This week we have a real treat in the form of a guest post from published author Lil Chase. We have a bit about her new book Secrets, Lies & Locker 62, as well as her top tips and writing secrets.
At Mount Selwyn High School the students write down their secrets and post them into a locked locker – locker 62. When new girl Maya is accidentally allocated locker 62, suddenly she has access to everyone’s deepest darkest secrets.
If knowledge is power, Maya is now the most powerful girl in school.
The question is, should she use her powers for good or evil?
Lil Chase’s writing secrets
Fiction is all about secrets: What they are. Who has them. When those secrets are revealed, and to whom. Never more so than my latest book – Secrets, Lies & Locker 62.

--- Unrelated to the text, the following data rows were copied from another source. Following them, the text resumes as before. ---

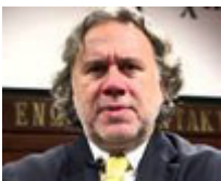
Αναπληρωτής υπουργός Διοικητικής Μεταρρύθμισης και Ηλεκτρονικής Διακυβέρνησης: Γ. Κατρούγκαλος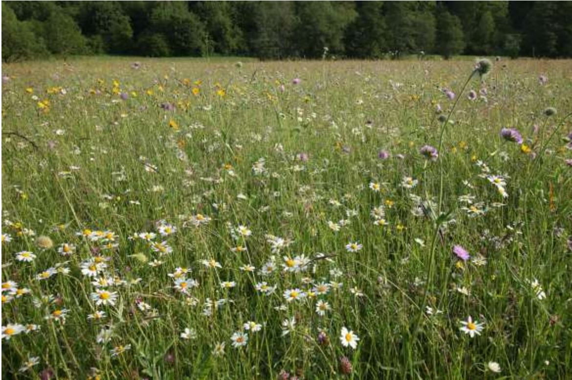
Nr. 19 Magere Flachland-Mähwiesen [6510]: Typische Glatthafer-Wiese mit Erhaltungszustand B mit Perücken-Flockenblume ( Centaurea pseudophrygia) in der Donauaue östlich Immendingen.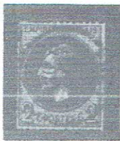
2c red brn, yelsh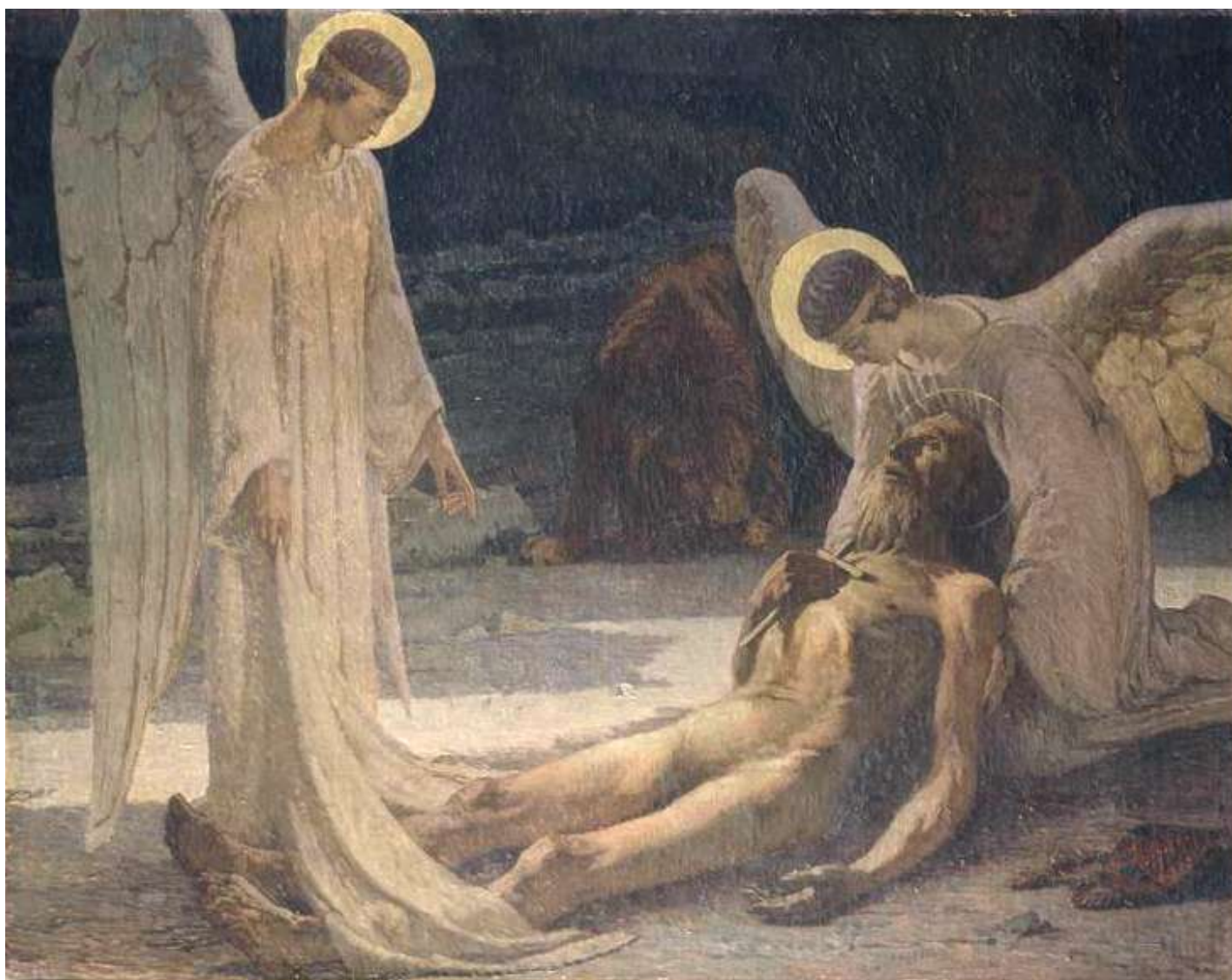
Ensevelissement de St. Antoine CONSTANTIN FONT · 1921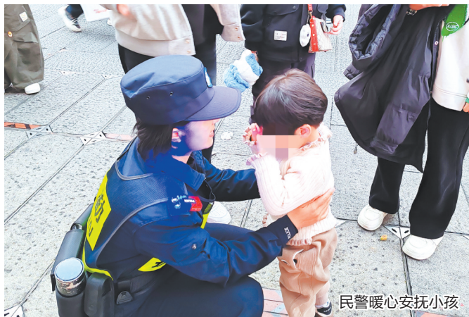
民警暖心安抚小孩

早报讯 (融媒体记者许奕梅 通讯员郑火全 文/图) 春节假期,泉州古城火出圈。当众多游客市民沉浸在节日的欢愉中时,总有那一抹抹“藏青蓝”在暖心守护。

But there are secrets to writing fiction too. All writers know (or should know) about show, don’t tell, having likeable-yet-flawed protagonists, the inciting incident etc etc. These are the foundations of good writing and I firmly believe in them. But this blog post is a little different. These are the writing devices I keep to myself. The benchmark I hold myself to. My personal writing secrets:
- Short chapters
I’ve been told by readers that my books are very fast paced, and they get through my books very quickly. I put this down to the short chapters, always ending on a cliffhanger. My first book, Boys For Beginners is 278 pages and 30 chapters long. Secrets, Lies and Locker 62 is 291 pages and 39 chapters long. You do the maths. 🙂
- Present tense
I was fifty pages into writing my third book and was finding it hard going. For some reason I had chosen to write in the past tense, and it turned out that was the problem. When I rewrote it in the present tense it got a lot easier. There is something distancing, something to do with the narrator knowing more that the reader that I don’t like about the past tense. With the present you are right with the protagonist as it happens… with the feeling that anything could happen.
Also, I hate writing, ‘Now I was…’ It sounds odd to me.
- If I wouldn’t say it out loud, I won’t write it down
I don’t think I have never said the words, ‘exclaimed,’ ‘retorted,’ ‘gingerly,’ or ‘felt tears pooling in my eyes,’ out loud. These phrases are only ever used in books, and they sound very authorial and self-conscious to me. (The exception to this rule is obviously historical fiction and fantasy, where the language can sound more lofty and yet still feel authentic).
- No journeys. No arrivals. No waking up.
Filmmakers have a derogatory term for journeys: shoe leather. Show the character arriving and the reader will take the journey as read. But then, do we even need the arrival? Show the character in the middle of the scene and the reader will take the arrival as read. Likewise, never start the scene with a character waking up: show them awake and we’ll assume they woke up at some point.
- A chapter is about something significant, then throw in a curveball.
This is how I structure scenes to make my books pacey. For example: chapter 25 of Locker 62 shows the first time Maya gets to hang out with the cool girl – Karmella – looking at secrets. Karmella phones a boy and asks him out for Maya, which is what Maya has wanted throughout the story. While Karmella is talking to him, Maya comes across a secret that her mother wrote – a secret about Maya’s biological father, and it knocks Maya for six. Too much going on is always better than too little, in my opinion.
Do you have any writing secrets you’re willing to share with the Limebirds?
Biography
Lil Chase is the author of two books; BOYS FOR BEGINNERS and SECRETS, LIES & LOCKER 62, both published by Quercus. She also works as a fiction editor for both children’s and adult books. Apart from a brief stint as a barmaid in the Disneyland Hotel Paris, Lil has lived in London her whole life.